National Basketball League
- Sport: Basketball
- Founded: August 1898 Philadelphia, Pennsylvania, U.S.
- Founder: Horace Fogel
- Folded: January 1904
- Last champion: Camden Skeeters (2nd title)
- Most titles: Trenton Potters (3 titles)

= National Basketball League (1898–1904) =

First professional basketball league in the world, 1898–1904

The National Basketball League (NBL) was the first professional basketball league in the world. Headquartered in Philadelphia, Pennsylvania, the league's teams stretched from New York City to central New Jersey, through the Philadelphia metropolitan area area and down to Wilmington, Delaware. The league began operations with the 1898–99 season and disbanded in January 1904, before completing the 1903–04 season.

== Background & Debut ==
In early 1898, the AAU sought to balance the newly-formed YMCA basketball leagues by drawing a line between amateur and professional players.

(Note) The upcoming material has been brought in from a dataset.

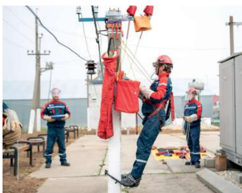
Мастер-класс от профильных специалистов

Сотрудники АО «Волгоградские межрайонные электрические сети» провели мастер-класс по замене штыревого изолятора на промежуточной железобетонной опоре ВЛ-0,4 кВ под напряжением, устранению нагрева болтового соединения шинного соединения в РУ-0,4 кВ под напряжением, а также восстановлению изоляции изолированного провода на ВЛИ-0,4 кВ под напряжением с применением автогидроподъемника.
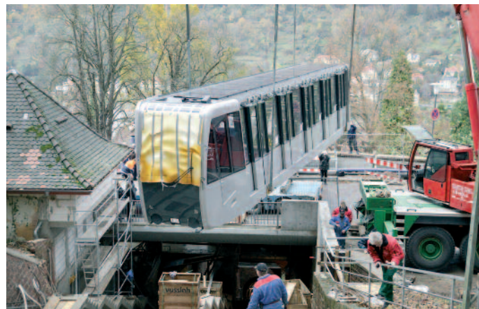
Heidelberger Bergbahn: Eine technische Kraftanstrengung war der Einsatz der neuen Bahn am Berg

durch immer weitere Umbauten und Veränderungen der Umgebung bei der Talstation. Der aktuelle Umbau, initiiert durch die Forderungen zur moderneren Bergbahntechnik, hatte mehrere Vorgaben zu erfüllen: die Stärkung der funktionalen Unterstützung des Bahnbetriebes, das Ermöglichen einer Fahrgaststeigerung in Spitzenzeiten, eine behindertengerechte untere Sektion, die bessere Verankerung und Auffindbarkeit der Stationen

This came after the 23rd Street YMCA, nicknamed "the Wanderers," won back to back AAU national championships in 1897 and 1898. Players on that team, including Sandy Shields and John Wendelken were the sport's first true stars and by 1898 were essentially professionals. So, the AAU, having only been formed ten years prior, placed restrictions barring professionals from the league. This put many players out of their jobs and caused outrage in the growing basketball community.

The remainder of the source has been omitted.